Although the records include pictures, the copy should not; write out exactly the lines from the first through the line with "GUAPHA TRIKASAVA SPECIAL".

THE DATA: Begin

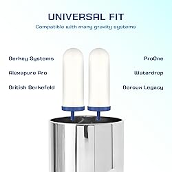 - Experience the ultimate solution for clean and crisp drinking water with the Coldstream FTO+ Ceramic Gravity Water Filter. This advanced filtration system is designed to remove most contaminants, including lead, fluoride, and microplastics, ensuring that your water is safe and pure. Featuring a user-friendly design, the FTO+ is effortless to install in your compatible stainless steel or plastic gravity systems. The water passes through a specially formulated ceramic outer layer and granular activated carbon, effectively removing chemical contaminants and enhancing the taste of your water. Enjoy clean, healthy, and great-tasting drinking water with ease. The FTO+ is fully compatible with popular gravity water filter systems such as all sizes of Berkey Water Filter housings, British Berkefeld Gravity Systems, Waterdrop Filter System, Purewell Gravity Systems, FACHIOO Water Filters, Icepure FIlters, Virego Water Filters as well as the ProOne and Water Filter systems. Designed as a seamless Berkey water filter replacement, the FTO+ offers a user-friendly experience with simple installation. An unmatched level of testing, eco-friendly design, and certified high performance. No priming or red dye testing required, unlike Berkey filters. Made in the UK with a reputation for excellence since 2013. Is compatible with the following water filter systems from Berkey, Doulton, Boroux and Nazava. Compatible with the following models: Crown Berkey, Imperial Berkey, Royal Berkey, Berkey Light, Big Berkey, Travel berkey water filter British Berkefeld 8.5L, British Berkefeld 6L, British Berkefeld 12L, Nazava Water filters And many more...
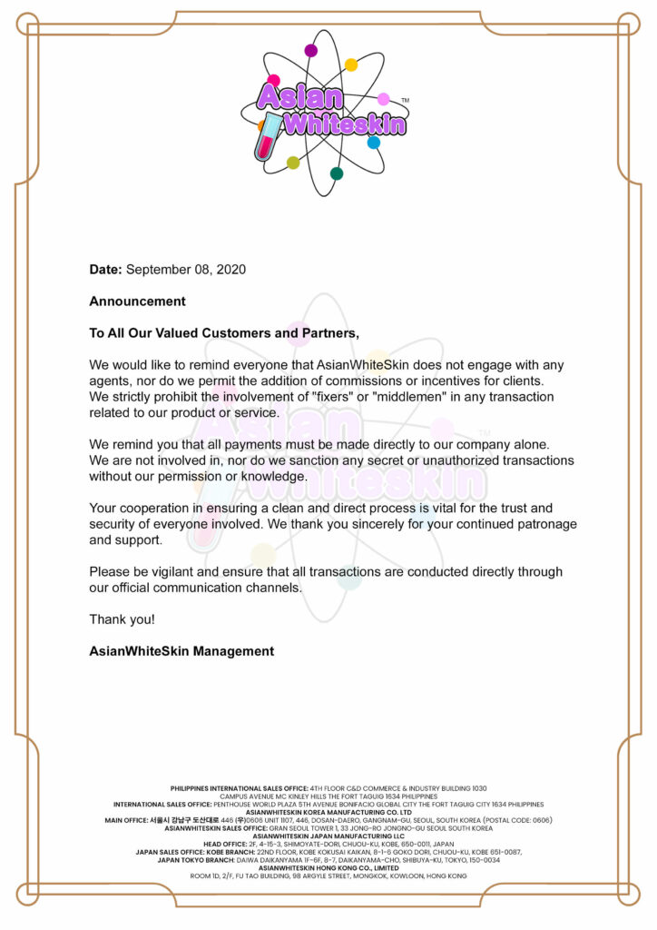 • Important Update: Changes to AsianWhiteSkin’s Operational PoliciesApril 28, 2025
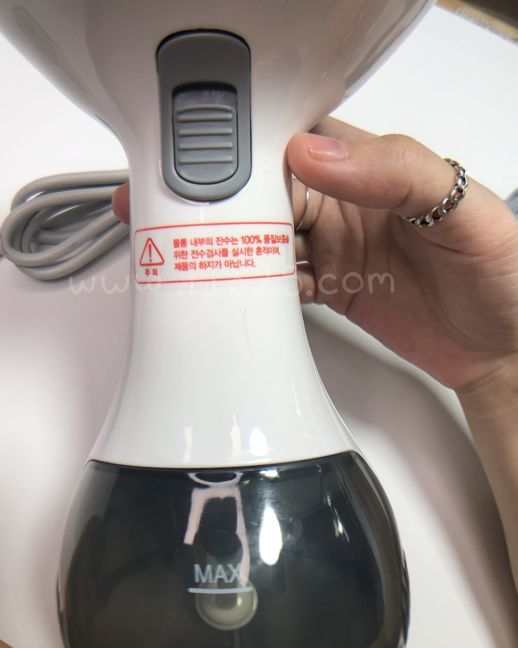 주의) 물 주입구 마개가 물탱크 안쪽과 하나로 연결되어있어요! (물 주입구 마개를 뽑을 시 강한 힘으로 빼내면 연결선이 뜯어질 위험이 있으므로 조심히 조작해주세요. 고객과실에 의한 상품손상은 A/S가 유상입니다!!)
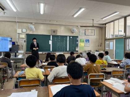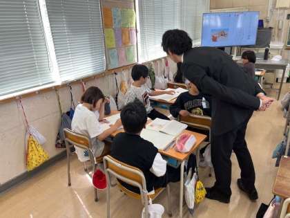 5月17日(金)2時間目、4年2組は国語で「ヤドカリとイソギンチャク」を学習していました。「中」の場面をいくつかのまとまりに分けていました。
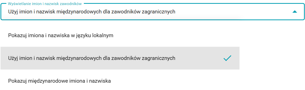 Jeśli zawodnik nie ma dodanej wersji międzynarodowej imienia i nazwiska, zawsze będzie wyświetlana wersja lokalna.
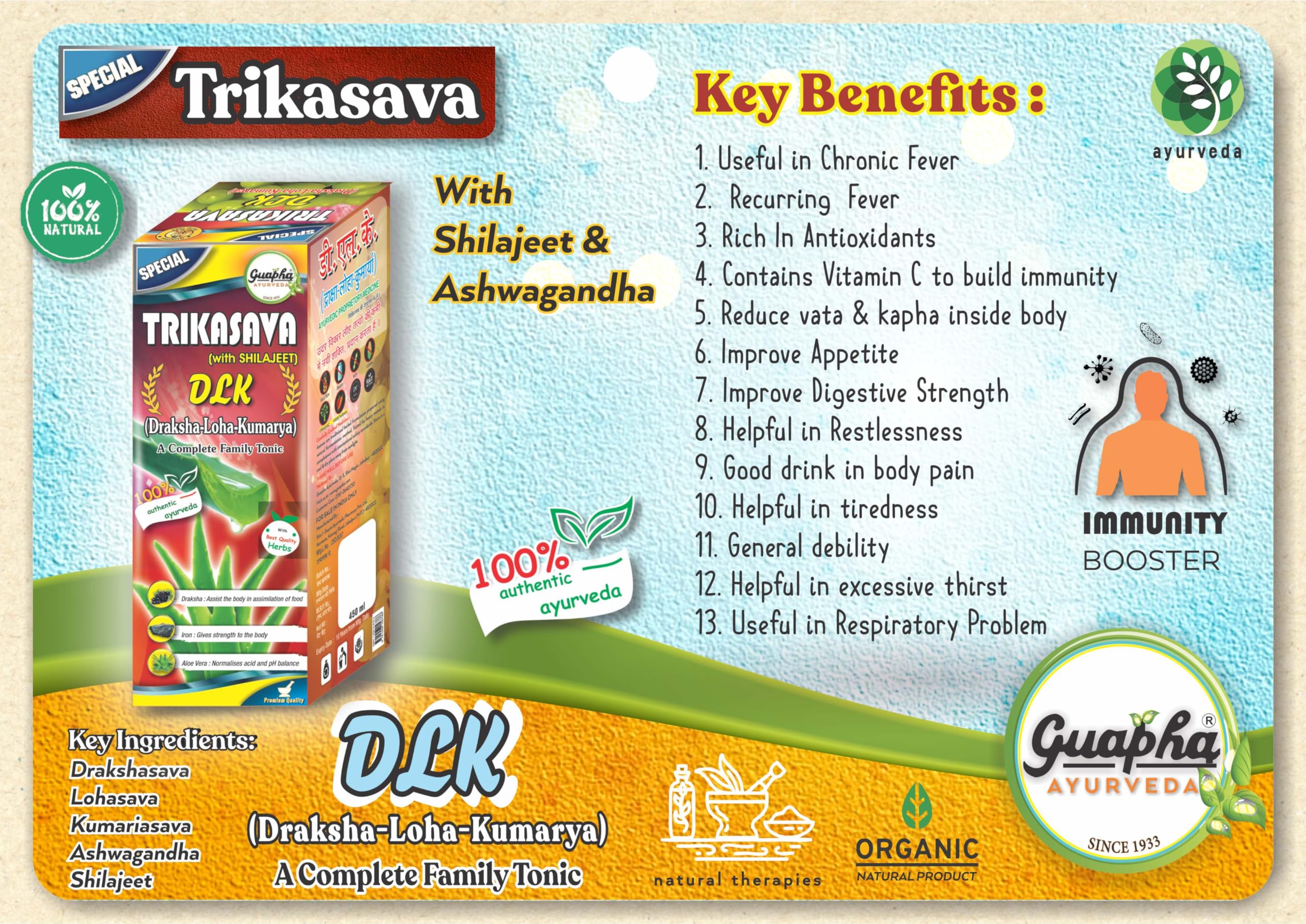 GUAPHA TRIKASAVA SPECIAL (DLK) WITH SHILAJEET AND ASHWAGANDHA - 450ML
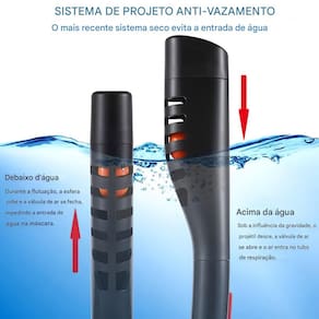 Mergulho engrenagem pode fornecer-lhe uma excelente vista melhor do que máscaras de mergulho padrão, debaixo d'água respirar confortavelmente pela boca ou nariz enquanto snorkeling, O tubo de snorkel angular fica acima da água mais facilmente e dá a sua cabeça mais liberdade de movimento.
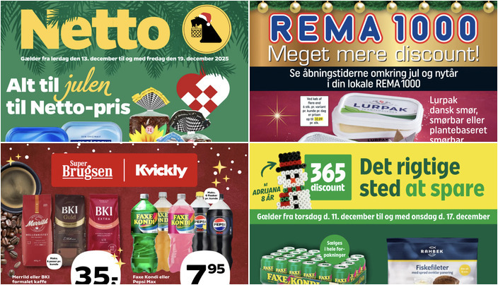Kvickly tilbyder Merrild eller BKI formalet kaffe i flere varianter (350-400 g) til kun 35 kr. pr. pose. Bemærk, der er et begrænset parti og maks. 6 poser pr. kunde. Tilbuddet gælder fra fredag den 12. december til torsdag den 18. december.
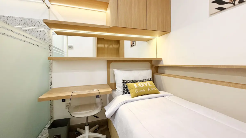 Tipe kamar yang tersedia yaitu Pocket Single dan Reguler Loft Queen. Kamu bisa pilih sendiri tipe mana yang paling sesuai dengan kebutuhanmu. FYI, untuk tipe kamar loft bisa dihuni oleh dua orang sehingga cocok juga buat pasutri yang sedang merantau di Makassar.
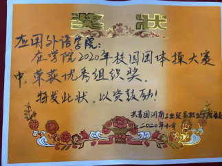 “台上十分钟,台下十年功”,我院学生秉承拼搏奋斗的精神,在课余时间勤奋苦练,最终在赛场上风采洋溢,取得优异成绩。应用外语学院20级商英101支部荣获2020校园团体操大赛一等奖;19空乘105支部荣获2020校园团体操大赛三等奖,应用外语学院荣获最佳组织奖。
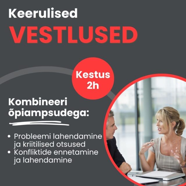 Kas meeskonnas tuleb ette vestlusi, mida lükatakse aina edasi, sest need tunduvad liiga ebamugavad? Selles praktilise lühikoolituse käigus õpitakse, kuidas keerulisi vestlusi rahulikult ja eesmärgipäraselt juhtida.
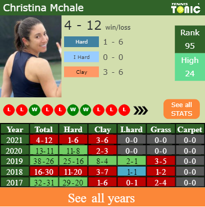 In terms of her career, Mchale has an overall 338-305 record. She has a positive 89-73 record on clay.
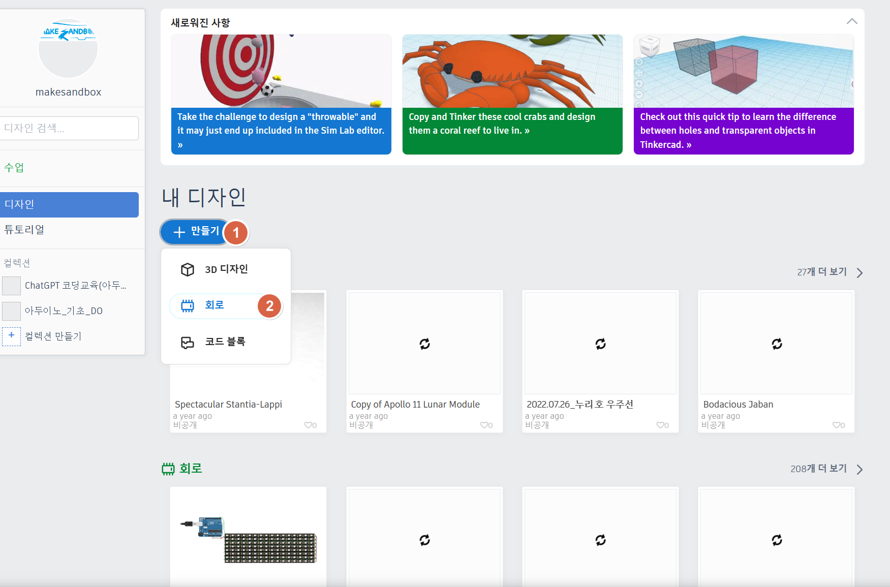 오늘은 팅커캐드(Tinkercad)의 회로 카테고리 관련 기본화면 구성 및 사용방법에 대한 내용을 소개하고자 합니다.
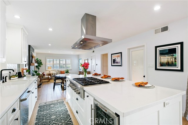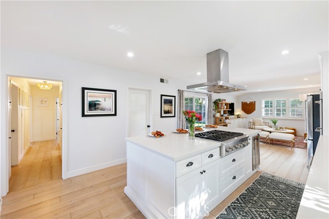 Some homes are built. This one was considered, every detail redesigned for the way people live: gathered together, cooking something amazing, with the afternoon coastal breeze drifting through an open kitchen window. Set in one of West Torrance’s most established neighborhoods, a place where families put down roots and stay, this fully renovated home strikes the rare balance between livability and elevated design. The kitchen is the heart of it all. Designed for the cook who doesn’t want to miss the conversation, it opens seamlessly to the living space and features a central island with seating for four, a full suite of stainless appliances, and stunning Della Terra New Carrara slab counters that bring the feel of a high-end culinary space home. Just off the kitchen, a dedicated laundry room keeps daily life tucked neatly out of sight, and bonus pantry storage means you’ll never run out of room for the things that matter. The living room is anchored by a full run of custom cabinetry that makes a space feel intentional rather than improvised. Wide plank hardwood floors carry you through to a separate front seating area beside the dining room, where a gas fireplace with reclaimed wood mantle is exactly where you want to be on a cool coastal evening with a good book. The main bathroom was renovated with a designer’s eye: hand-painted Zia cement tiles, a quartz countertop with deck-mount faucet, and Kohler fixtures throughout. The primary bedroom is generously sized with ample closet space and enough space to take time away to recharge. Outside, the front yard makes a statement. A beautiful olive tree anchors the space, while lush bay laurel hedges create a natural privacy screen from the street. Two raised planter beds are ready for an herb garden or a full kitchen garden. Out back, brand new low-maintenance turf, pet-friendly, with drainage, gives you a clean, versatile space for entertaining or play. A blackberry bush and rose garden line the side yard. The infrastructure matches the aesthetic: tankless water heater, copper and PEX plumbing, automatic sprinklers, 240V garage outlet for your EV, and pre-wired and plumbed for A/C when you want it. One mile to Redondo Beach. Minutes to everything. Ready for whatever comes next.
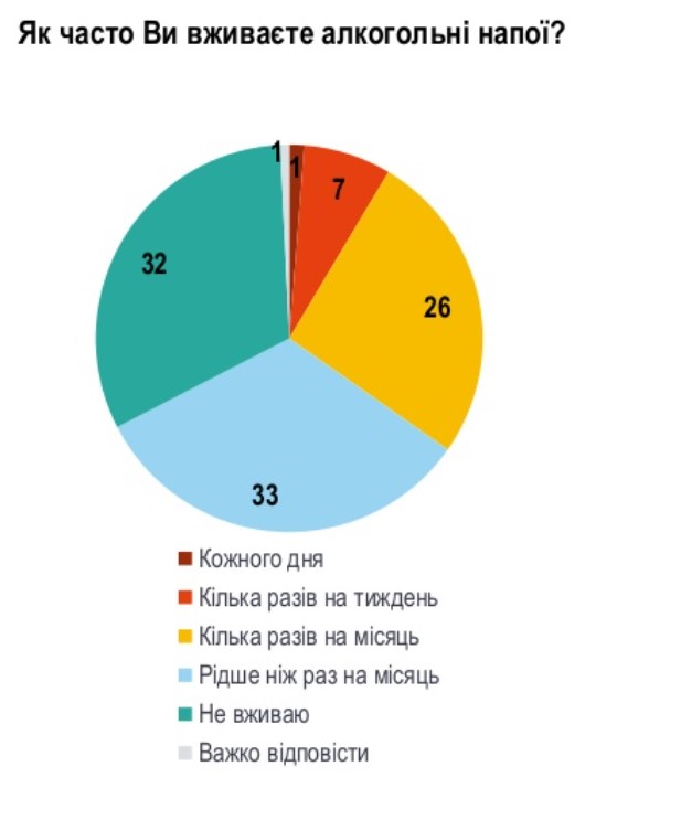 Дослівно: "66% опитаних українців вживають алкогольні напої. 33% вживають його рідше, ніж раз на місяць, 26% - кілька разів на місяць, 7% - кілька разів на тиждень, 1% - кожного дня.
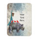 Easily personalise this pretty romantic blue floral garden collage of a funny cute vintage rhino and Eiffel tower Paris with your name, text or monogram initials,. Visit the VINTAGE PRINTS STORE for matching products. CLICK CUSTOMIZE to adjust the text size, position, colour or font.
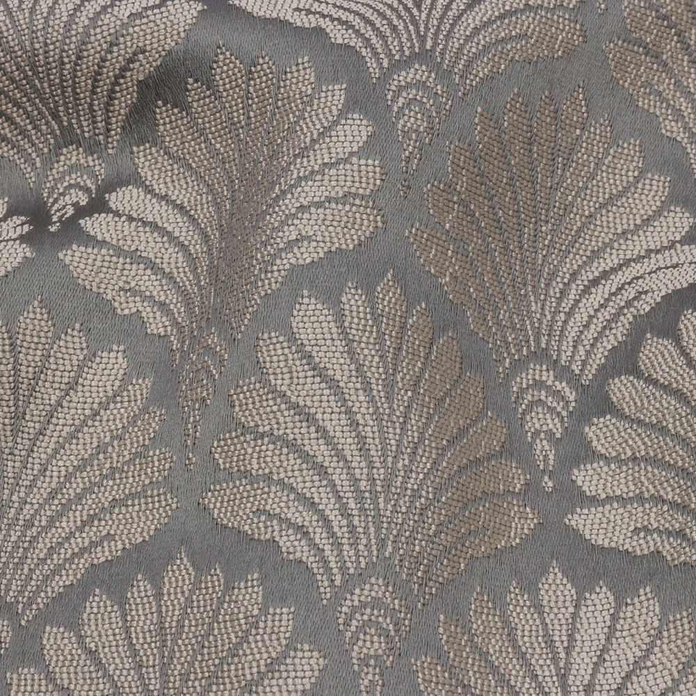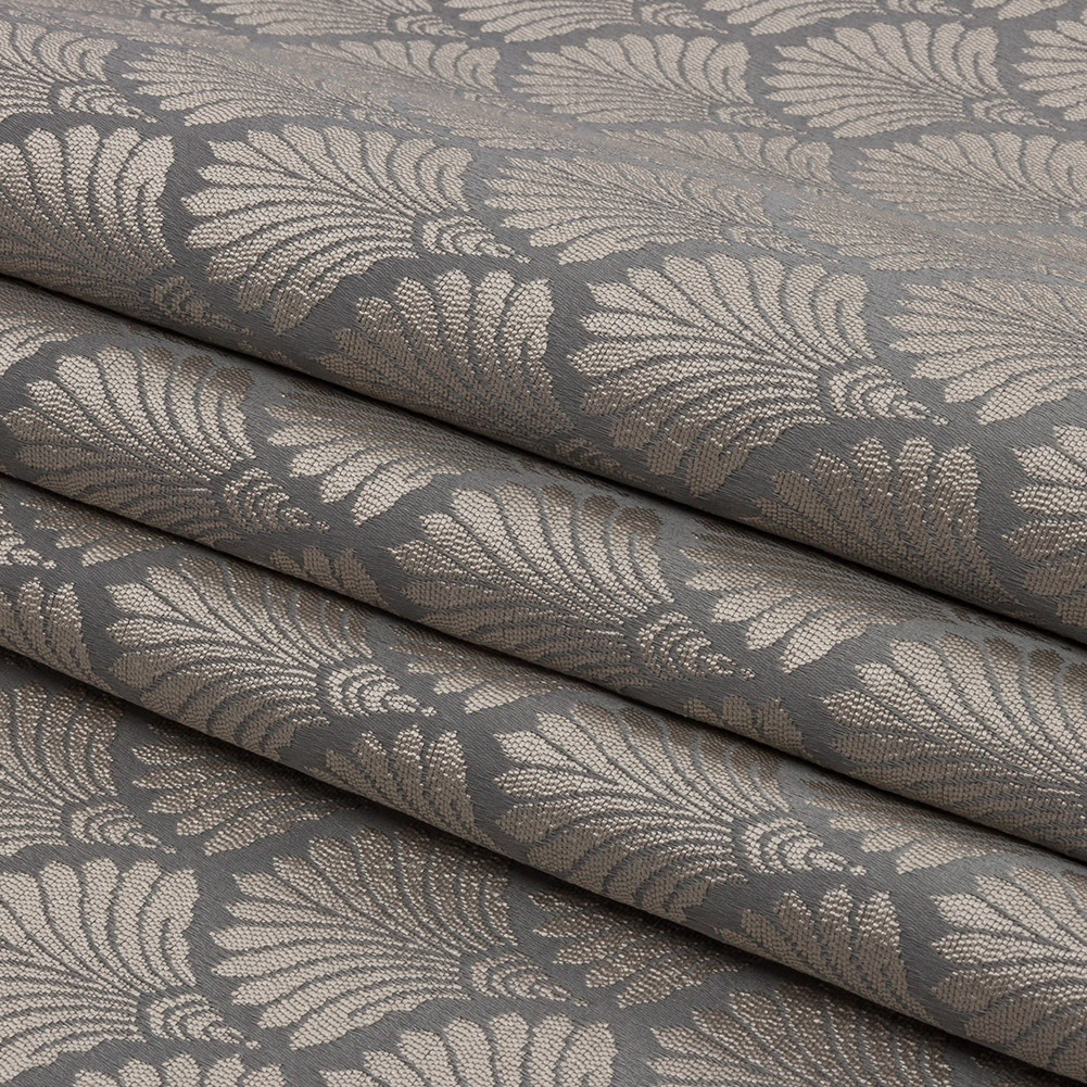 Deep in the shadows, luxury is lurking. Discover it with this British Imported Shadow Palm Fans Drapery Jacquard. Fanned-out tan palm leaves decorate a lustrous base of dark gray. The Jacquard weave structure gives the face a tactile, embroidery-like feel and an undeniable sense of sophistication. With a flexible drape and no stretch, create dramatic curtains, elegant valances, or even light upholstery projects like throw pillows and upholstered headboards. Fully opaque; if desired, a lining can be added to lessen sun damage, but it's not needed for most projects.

THE DATA: End

#### [ANSWER TO THE PROBLEM]
 - Experience the ultimate solution for clean and crisp drinking water with the Coldstream FTO+ Ceramic Gravity Water Filter. This advanced filtration system is designed to remove most contaminants, including lead, fluoride, and microplastics, ensuring that your water is safe and pure. Featuring a user-friendly design, the FTO+ is effortless to install in your compatible stainless steel or plastic gravity systems. The water passes through a specially formulated ceramic outer layer and granular activated carbon, effectively removing chemical contaminants and enhancing the taste of your water. Enjoy clean, healthy, and great-tasting drinking water with ease. The FTO+ is fully compatible with popular gravity water filter systems such as all sizes of Berkey Water Filter housings, British Berkefeld Gravity Systems, Waterdrop Filter System, Purewell Gravity Systems, FACHIOO Water Filters, Icepure FIlters, Virego Water Filters as well as the ProOne and Water Filter systems. Designed as a seamless Berkey water filter replacement, the FTO+ offers a user-friendly experience with simple installation. An unmatched level of testing, eco-friendly design, and certified high performance. No priming or red dye testing required, unlike Berkey filters. Made in the UK with a reputation for excellence since 2013. Is compatible with the following water filter systems from Berkey, Doulton, Boroux and Nazava. Compatible with the following models: Crown Berkey, Imperial Berkey, Royal Berkey, Berkey Light, Big Berkey, Travel berkey water filter British Berkefeld 8.5L, British Berkefeld 6L, British Berkefeld 12L, Nazava Water filters And many more...
 • Important Update: Changes to AsianWhiteSkin’s Operational PoliciesApril 28, 2025
 주의) 물 주입구 마개가 물탱크 안쪽과 하나로 연결되어있어요! (물 주입구 마개를 뽑을 시 강한 힘으로 빼내면 연결선이 뜯어질 위험이 있으므로 조심히 조작해주세요. 고객과실에 의한 상품손상은 A/S가 유상입니다!!)
 5月17日(金)2時間目、4年2組は国語で「ヤドカリとイソギンチャク」を学習していました。「中」の場面をいくつかのまとまりに分けていました。
 Jeśli zawodnik nie ma dodanej wersji międzynarodowej imienia i nazwiska, zawsze będzie wyświetlana wersja lokalna.
 GUAPHA TRIKASAVA SPECIAL (DLK) WITH SHILAJEET AND ASHWAGANDHA - 450ML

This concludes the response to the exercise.